What to produce: Transcribe each line below verbatim; pictures excluded.

Raw data:
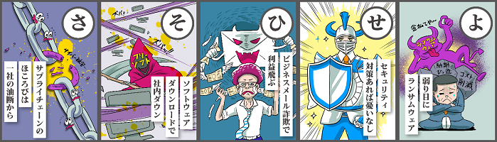 本かるたは、ランサムウェアやフィッシング詐欺といった昨今多く報道されているリスクに加えて、パスワードの使い回しやWi-Fiからの情報漏洩など、身近な業務に潜むリスクを取り上げることで、中小企業が自らのセキュリティ対策を考えるきっかけとして利用・シェアできるよう画像ファイルにより提供しています。それぞれ100文字程度の解説も加えており、対策のヒントとして役立てるほか、SNSでシェアすることにより身近な人と気付きを共有することも可能です。
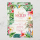 Tropical flowers with palm tree. This invitation is easily customised for your event by simply adding your details.
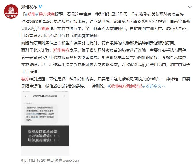 【河南】1月11日,郑州警方特别提醒:骗子借新冠疫苗的热度进行诈骗,主要作案手法有两种,一种是冒充疾控中心发布新冠疫苗信息,引诱群众点击含木马网址的链接,套取个人信息,实施诈骗;另一种作案手法是冒充老师进入学校班级群,以收取新冠疫苗费用为由,对群内家长进行诈骗。
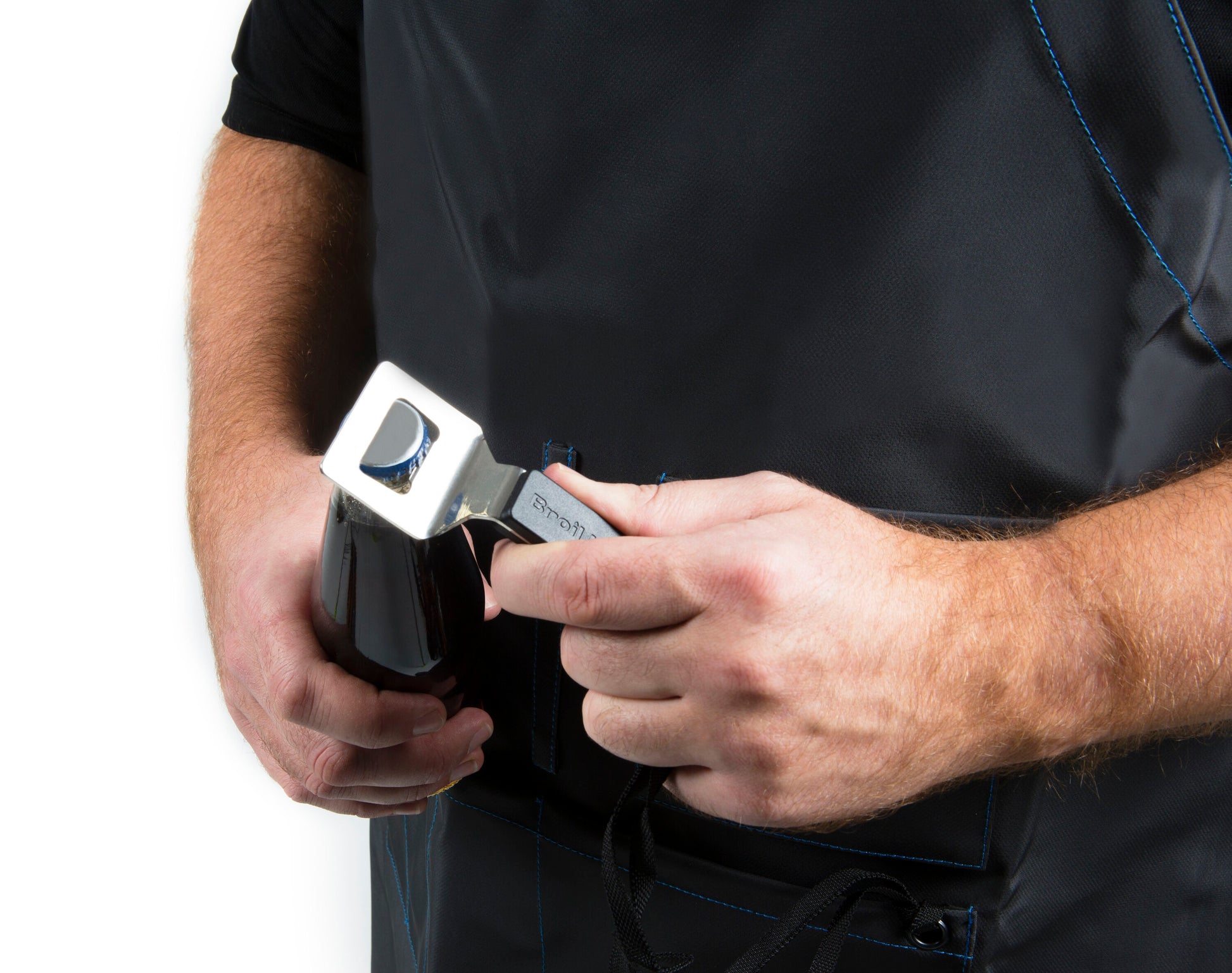 Crafted of the same water resistant material as Broil King Professional grill covers, this apron offers protection from grease and sauces and is easy to wipe clean. Integrated bottle opener, pockets for a thermometer, drink and multiple utensils. Adjustable neck strap with buckle mechanism.

Answer for the task:
 本かるたは、ランサムウェアやフィッシング詐欺といった昨今多く報道されているリスクに加えて、パスワードの使い回しやWi-Fiからの情報漏洩など、身近な業務に潜むリスクを取り上げることで、中小企業が自らのセキュリティ対策を考えるきっかけとして利用・シェアできるよう画像ファイルにより提供しています。それぞれ100文字程度の解説も加えており、対策のヒントとして役立てるほか、SNSでシェアすることにより身近な人と気付きを共有することも可能です。
 Tropical flowers with palm tree. This invitation is easily customised for your event by simply adding your details.
 【河南】1月11日,郑州警方特别提醒:骗子借新冠疫苗的热度进行诈骗,主要作案手法有两种,一种是冒充疾控中心发布新冠疫苗信息,引诱群众点击含木马网址的链接,套取个人信息,实施诈骗;另一种作案手法是冒充老师进入学校班级群,以收取新冠疫苗费用为由,对群内家长进行诈骗。
 Crafted of the same water resistant material as Broil King Professional grill covers, this apron offers protection from grease and sauces and is easy to wipe clean. Integrated bottle opener, pockets for a thermometer, drink and multiple utensils. Adjustable neck strap with buckle mechanism.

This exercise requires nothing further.